Pero esta referencia al empirista fundador de la sospecha sobre los principios de causalidad y necesidad, no es un mero uso retórico. La marca del pragmatismo utilitarista en el que derivaba su Investigación sobre la moral sigue una vertiente colindante con nuestro tema: en vez de ese discutible marco ético definido por un equilibrio entre lo bueno para mí mismo y lo bueno para los demás, así como lo útil para mí mismo y lo útil para los demás, la herencia del utilitarismo se impregna de un actual pensamiento instrumental que no asume posturas y que concibe los puntos medios, o los usos de partes de distintas visiones, como su validez estratégica. Esta es la médula de un debate crítico que ensayamos aquí en adelante.
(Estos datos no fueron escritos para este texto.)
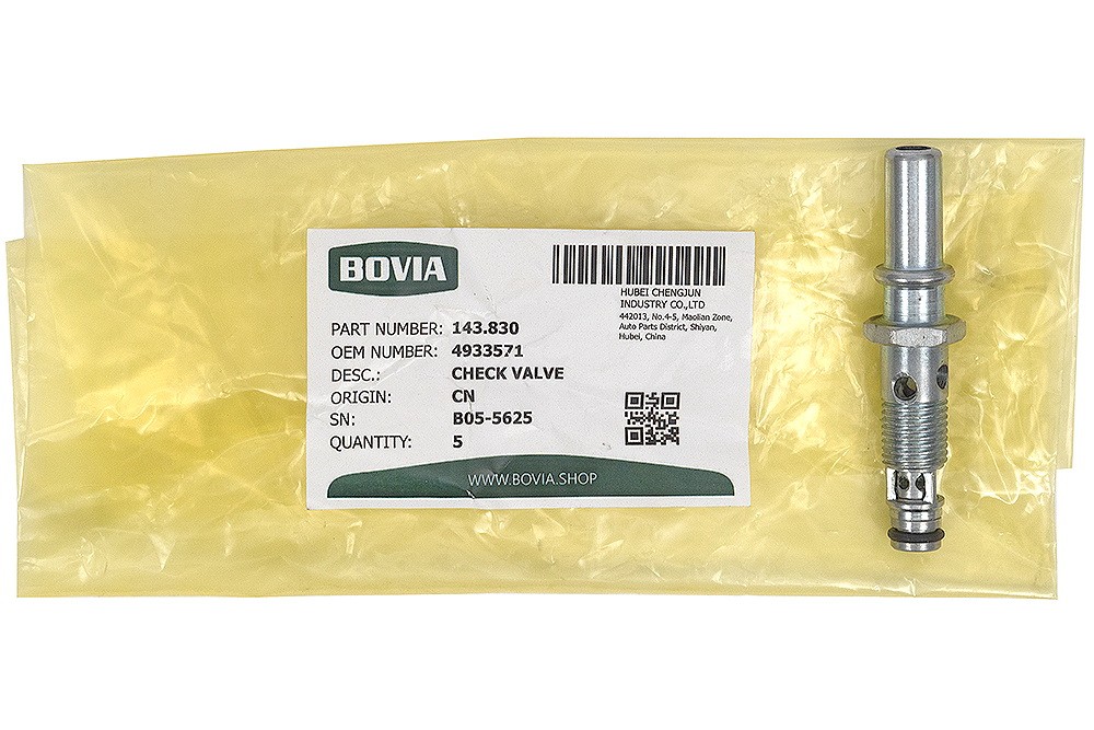 Клапан обратный топливной трубки КАМАЗ дв. Cummins ISLe 4933571 - BOVIA, артикул 143.830 купить по низкой цене оптом и в розницу, с доставкой по России и СНГ,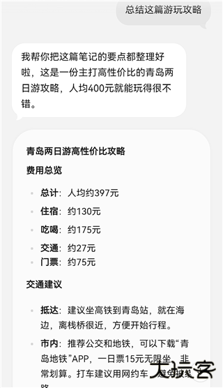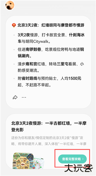 4、点点就会搜索各种信息,生成一份专属攻略。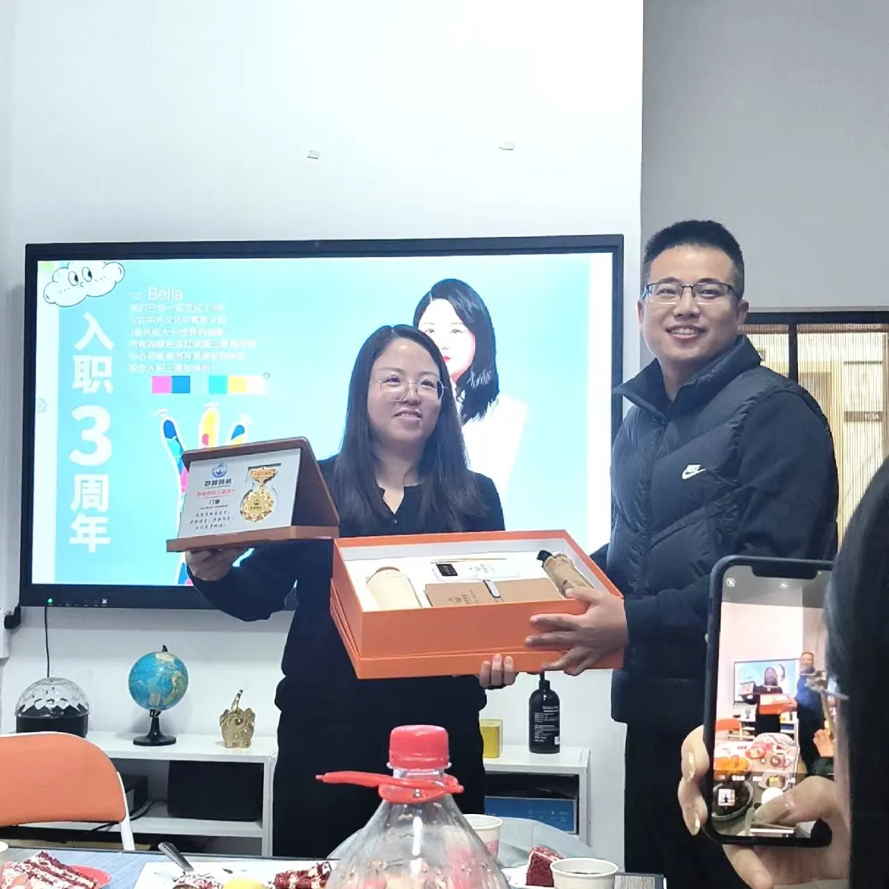 Ως μια υπέροχη έκπληξη, ο Boss Gao παρουσίασε επίσης προσωπικά όμορφα δώρα επετείου εργασίας στον Tom και την Ella και τον Manager Bella. Αυτά τα ειδικά διακριτικά αποτελούν μια ειλικρινή αναγνώριση της συνεισφοράς τους τα τελευταία χρόνια και φέρνουν τις καλύτερες ευχές μας για τη συνεχή ανάπτυξή τους με την εταιρεία.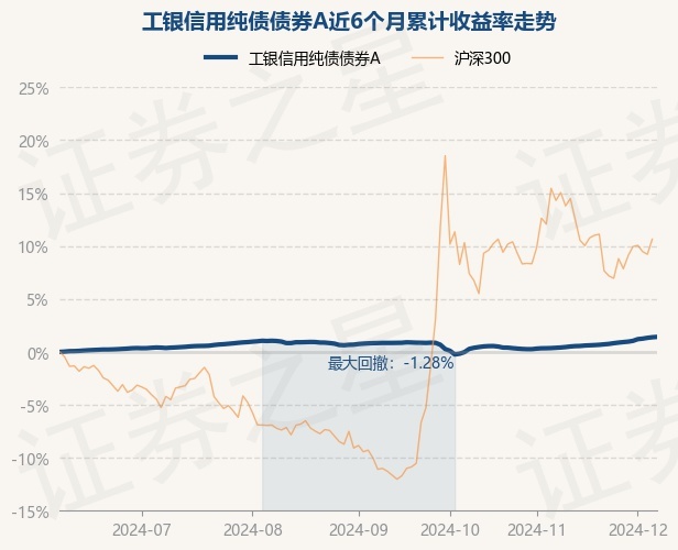 证券之星消息,12月6日,工银信用纯债债券A最新单位净值为1.4677元,累计净值为1.5087元,较前一交易日上涨0.03%。历史数据显示该基金近1个月上涨1.05%,近3个月上涨0.58%,近6个月上涨1.42%,近1年上涨4.96%。该基金近6个月的累计收益率走势如下图: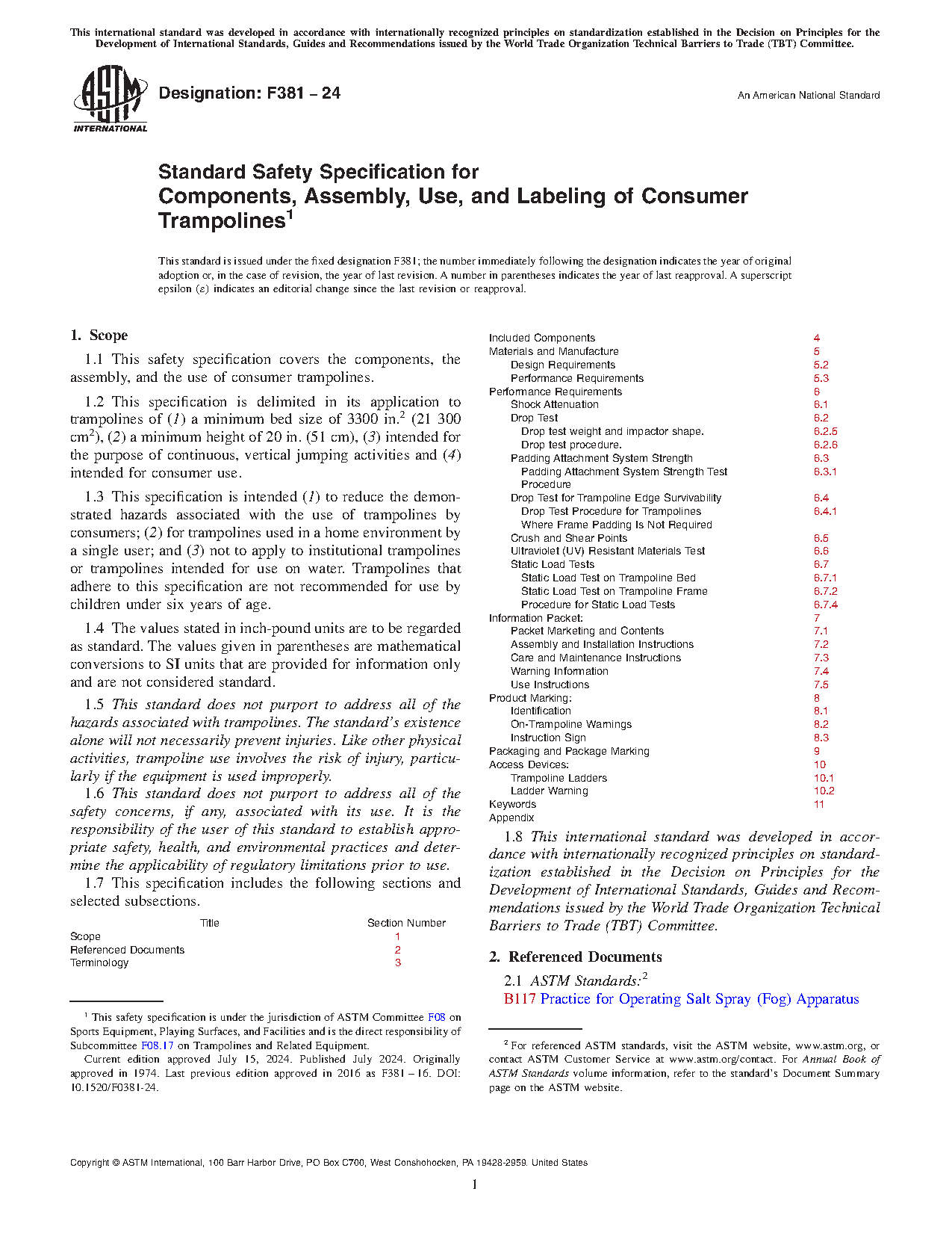 1.1 This safety specification covers the components, the assembly, and the use of consumer trampolines.

El placer de la estatuilla
Aún cuando una dedicación efímera a un Festival no permite ver toda la programación necesaria para hacer un balance final, en Viña intenté cubrir una serie de films que consideré prioritarios para el debate, además de un par de destacados de los que estuve informado a través de diversos contactos. Paradojalmente, al final logré ver todos los films premiados, a excepción de Frío sol de invierno (2004), de Pablo Malo, del cual me salí aproximando la media hora (y aunque no me impresionó para nada, no haré mayores comentarios); sólo porque recordé que en ese horario iban a exhibir la notable Obreras saliendo de la fábrica (2005) de José Luis Torres Leiva (que increíblemente no obtuvo ningún premio en la sección de cortometrajes). Pues bien, como ya sabrán, en categoría de largos ganó En la cama (Matías Bize, 2005), que muchos méritos no tenía, pero que al lado de una de las peores competencias que he visto en mucho tiempo, no parece ser sólo un galardón para aumentar la egolatría de las exigencias nacionalistas de la prensa y del público (la discusión periodística de si hay que premiar al cine chileno porque está “dando que hablar”, es una turbadora preocupación tercermundista que necesita de reconocimientos esporádicos y que continúa valorando las estatuillas por sobre las propuestas).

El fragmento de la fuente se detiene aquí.